* _Try it_: Having located "Kimisha blue banarasi", write out its line and the remaining lines of the material exactly, the last one included, but not the pictures.

* _Supplied data_:

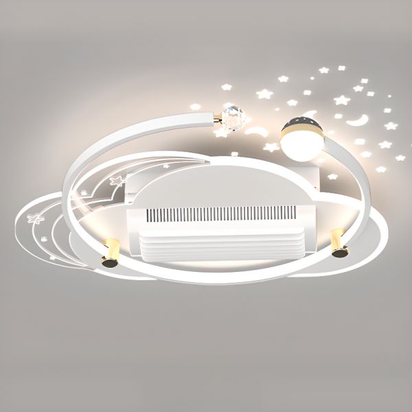Whimsical LED Planet Pendant Light, Creative Galaxy Ring Chandelier with Star Accents for Kids Bedroom - White 110V-120V 20"
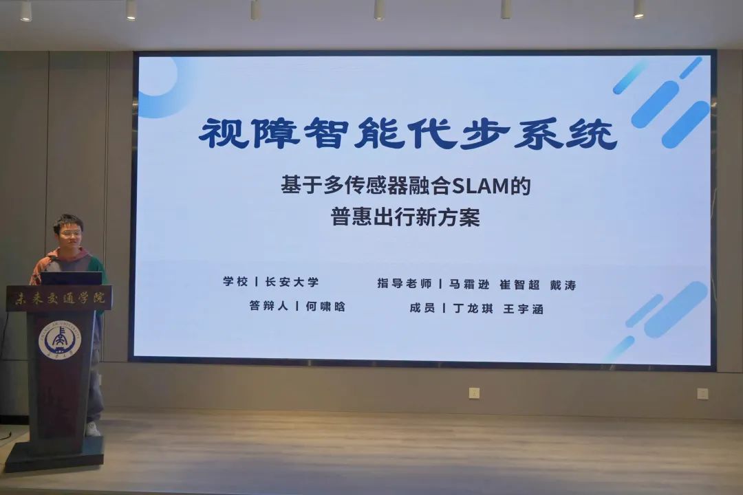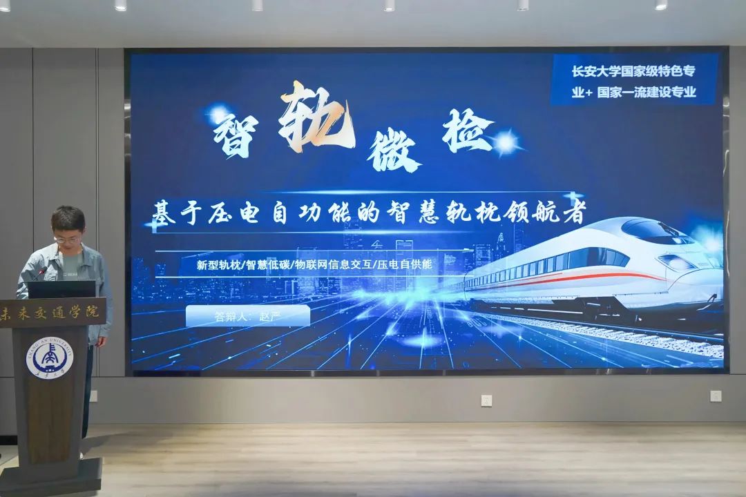 答辩现场,各项目团队围绕智慧交通、绿色低碳、人工智能、社会服务等热点前沿领域展开创新成果展示,覆盖机场运维、乡村安全、轨道交通、环保技术、普惠出行等多个应用场景,充分展现了未来交通学子跨学科融合的创新思维与实践能力。答辩过程中,各团队通过PPT演示、实物模型及数据推演,清晰阐述项目背景,生动展现技术亮点与社会价值,彰显了创新性与落地潜力。
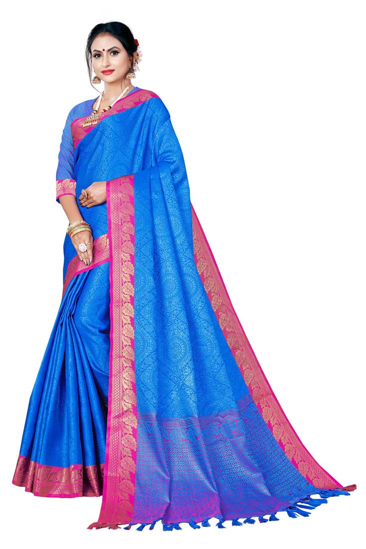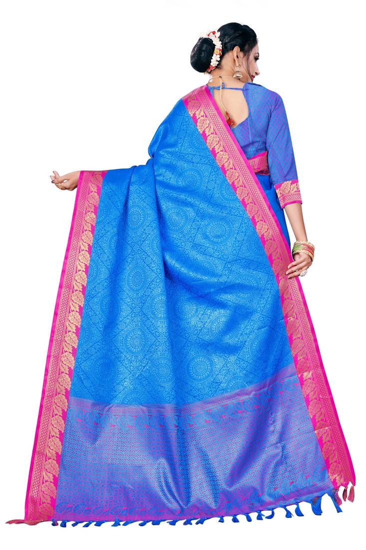 Kimisha blue banarasi silk jacquard work banarasi saree with running blouse
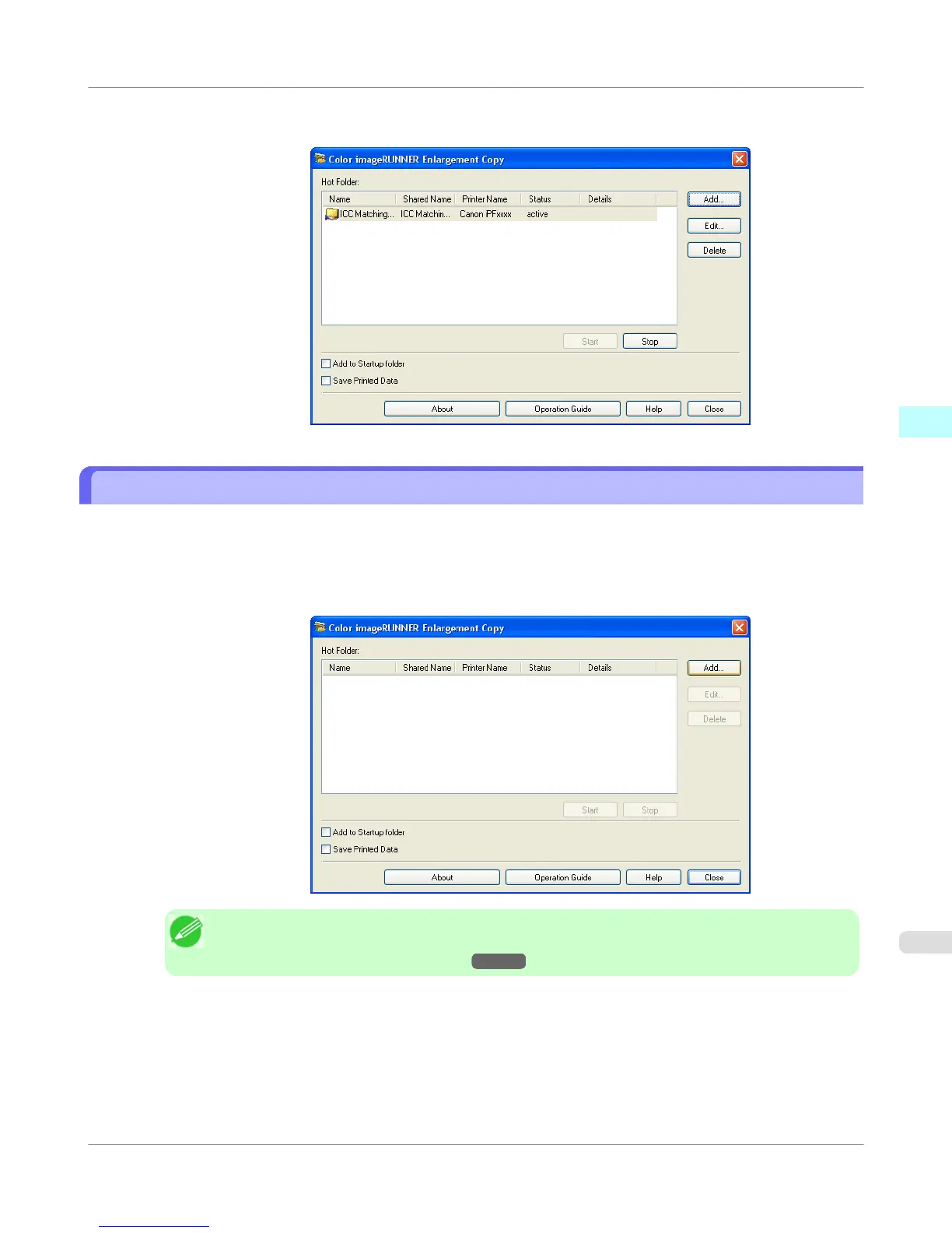 2. Open the Color imageRUNNER Enlargement Copy dialog box, and then click the Add button.

* _Solution_:
 Kimisha blue banarasi silk jacquard work banarasi saree with running blouse
 2. Open the Color imageRUNNER Enlargement Copy dialog box, and then click the Add button.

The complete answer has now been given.